Exercise goal: The records below must be transcribed exactly.

Exercise material:
_ _ _ _ _ _ _
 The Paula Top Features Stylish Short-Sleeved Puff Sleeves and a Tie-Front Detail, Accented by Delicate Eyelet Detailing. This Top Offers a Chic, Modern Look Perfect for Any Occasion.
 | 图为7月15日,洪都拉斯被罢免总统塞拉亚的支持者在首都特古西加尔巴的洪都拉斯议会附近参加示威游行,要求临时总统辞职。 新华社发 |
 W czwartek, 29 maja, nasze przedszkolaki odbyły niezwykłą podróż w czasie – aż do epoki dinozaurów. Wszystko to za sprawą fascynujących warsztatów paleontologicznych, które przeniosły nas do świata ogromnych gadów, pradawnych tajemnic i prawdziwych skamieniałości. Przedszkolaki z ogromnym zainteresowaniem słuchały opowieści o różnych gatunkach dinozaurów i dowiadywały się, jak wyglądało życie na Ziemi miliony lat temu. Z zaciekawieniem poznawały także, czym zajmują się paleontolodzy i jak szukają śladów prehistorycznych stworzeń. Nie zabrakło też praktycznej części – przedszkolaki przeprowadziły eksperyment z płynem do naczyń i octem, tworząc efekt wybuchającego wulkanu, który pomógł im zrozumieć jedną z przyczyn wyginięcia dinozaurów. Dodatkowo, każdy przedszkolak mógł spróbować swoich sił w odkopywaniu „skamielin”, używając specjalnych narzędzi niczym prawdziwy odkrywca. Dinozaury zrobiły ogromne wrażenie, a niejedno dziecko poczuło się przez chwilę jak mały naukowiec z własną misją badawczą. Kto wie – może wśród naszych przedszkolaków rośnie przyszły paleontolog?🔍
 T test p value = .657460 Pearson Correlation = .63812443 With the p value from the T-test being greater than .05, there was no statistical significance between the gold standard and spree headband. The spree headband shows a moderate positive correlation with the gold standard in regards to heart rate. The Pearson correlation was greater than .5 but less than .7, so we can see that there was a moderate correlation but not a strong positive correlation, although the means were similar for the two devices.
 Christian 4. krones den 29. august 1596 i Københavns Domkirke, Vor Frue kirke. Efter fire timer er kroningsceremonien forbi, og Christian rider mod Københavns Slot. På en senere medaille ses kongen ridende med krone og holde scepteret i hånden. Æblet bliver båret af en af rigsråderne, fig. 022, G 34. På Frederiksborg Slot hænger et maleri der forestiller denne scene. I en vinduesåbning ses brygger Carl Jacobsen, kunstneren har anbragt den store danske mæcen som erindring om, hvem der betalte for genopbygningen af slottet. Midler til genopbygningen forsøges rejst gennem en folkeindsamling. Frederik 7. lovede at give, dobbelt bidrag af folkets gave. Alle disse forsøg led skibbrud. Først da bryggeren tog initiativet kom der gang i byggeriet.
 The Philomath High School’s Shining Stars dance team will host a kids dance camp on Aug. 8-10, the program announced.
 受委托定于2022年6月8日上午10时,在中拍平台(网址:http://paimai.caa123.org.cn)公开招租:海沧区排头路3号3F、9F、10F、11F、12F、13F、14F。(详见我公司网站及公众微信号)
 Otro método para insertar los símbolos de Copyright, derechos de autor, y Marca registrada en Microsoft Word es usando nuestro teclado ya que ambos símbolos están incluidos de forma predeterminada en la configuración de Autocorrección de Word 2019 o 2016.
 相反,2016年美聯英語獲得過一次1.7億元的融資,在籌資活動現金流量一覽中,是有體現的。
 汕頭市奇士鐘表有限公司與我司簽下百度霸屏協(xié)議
_ _ _ _ _ _ _
Task answer:
 The Paula Top Features Stylish Short-Sleeved Puff Sleeves and a Tie-Front Detail, Accented by Delicate Eyelet Detailing. This Top Offers a Chic, Modern Look Perfect for Any Occasion.
 | 图为7月15日,洪都拉斯被罢免总统塞拉亚的支持者在首都特古西加尔巴的洪都拉斯议会附近参加示威游行,要求临时总统辞职。 新华社发 |
 W czwartek, 29 maja, nasze przedszkolaki odbyły niezwykłą podróż w czasie – aż do epoki dinozaurów. Wszystko to za sprawą fascynujących warsztatów paleontologicznych, które przeniosły nas do świata ogromnych gadów, pradawnych tajemnic i prawdziwych skamieniałości. Przedszkolaki z ogromnym zainteresowaniem słuchały opowieści o różnych gatunkach dinozaurów i dowiadywały się, jak wyglądało życie na Ziemi miliony lat temu. Z zaciekawieniem poznawały także, czym zajmują się paleontolodzy i jak szukają śladów prehistorycznych stworzeń. Nie zabrakło też praktycznej części – przedszkolaki przeprowadziły eksperyment z płynem do naczyń i octem, tworząc efekt wybuchającego wulkanu, który pomógł im zrozumieć jedną z przyczyn wyginięcia dinozaurów. Dodatkowo, każdy przedszkolak mógł spróbować swoich sił w odkopywaniu „skamielin”, używając specjalnych narzędzi niczym prawdziwy odkrywca. Dinozaury zrobiły ogromne wrażenie, a niejedno dziecko poczuło się przez chwilę jak mały naukowiec z własną misją badawczą. Kto wie – może wśród naszych przedszkolaków rośnie przyszły paleontolog?🔍
 T test p value = .657460 Pearson Correlation = .63812443 With the p value from the T-test being greater than .05, there was no statistical significance between the gold standard and spree headband. The spree headband shows a moderate positive correlation with the gold standard in regards to heart rate. The Pearson correlation was greater than .5 but less than .7, so we can see that there was a moderate correlation but not a strong positive correlation, although the means were similar for the two devices.
 Christian 4. krones den 29. august 1596 i Københavns Domkirke, Vor Frue kirke. Efter fire timer er kroningsceremonien forbi, og Christian rider mod Københavns Slot. På en senere medaille ses kongen ridende med krone og holde scepteret i hånden. Æblet bliver båret af en af rigsråderne, fig. 022, G 34. På Frederiksborg Slot hænger et maleri der forestiller denne scene. I en vinduesåbning ses brygger Carl Jacobsen, kunstneren har anbragt den store danske mæcen som erindring om, hvem der betalte for genopbygningen af slottet. Midler til genopbygningen forsøges rejst gennem en folkeindsamling. Frederik 7. lovede at give, dobbelt bidrag af folkets gave. Alle disse forsøg led skibbrud. Først da bryggeren tog initiativet kom der gang i byggeriet.
 The Philomath High School’s Shining Stars dance team will host a kids dance camp on Aug. 8-10, the program announced.
 受委托定于2022年6月8日上午10时,在中拍平台(网址:http://paimai.caa123.org.cn)公开招租:海沧区排头路3号3F、9F、10F、11F、12F、13F、14F。(详见我公司网站及公众微信号)
 Otro método para insertar los símbolos de Copyright, derechos de autor, y Marca registrada en Microsoft Word es usando nuestro teclado ya que ambos símbolos están incluidos de forma predeterminada en la configuración de Autocorrección de Word 2019 o 2016.
 相反,2016年美聯英語獲得過一次1.7億元的融資,在籌資活動現金流量一覽中,是有體現的。
 汕頭市奇士鐘表有限公司與我司簽下百度霸屏協(xié)議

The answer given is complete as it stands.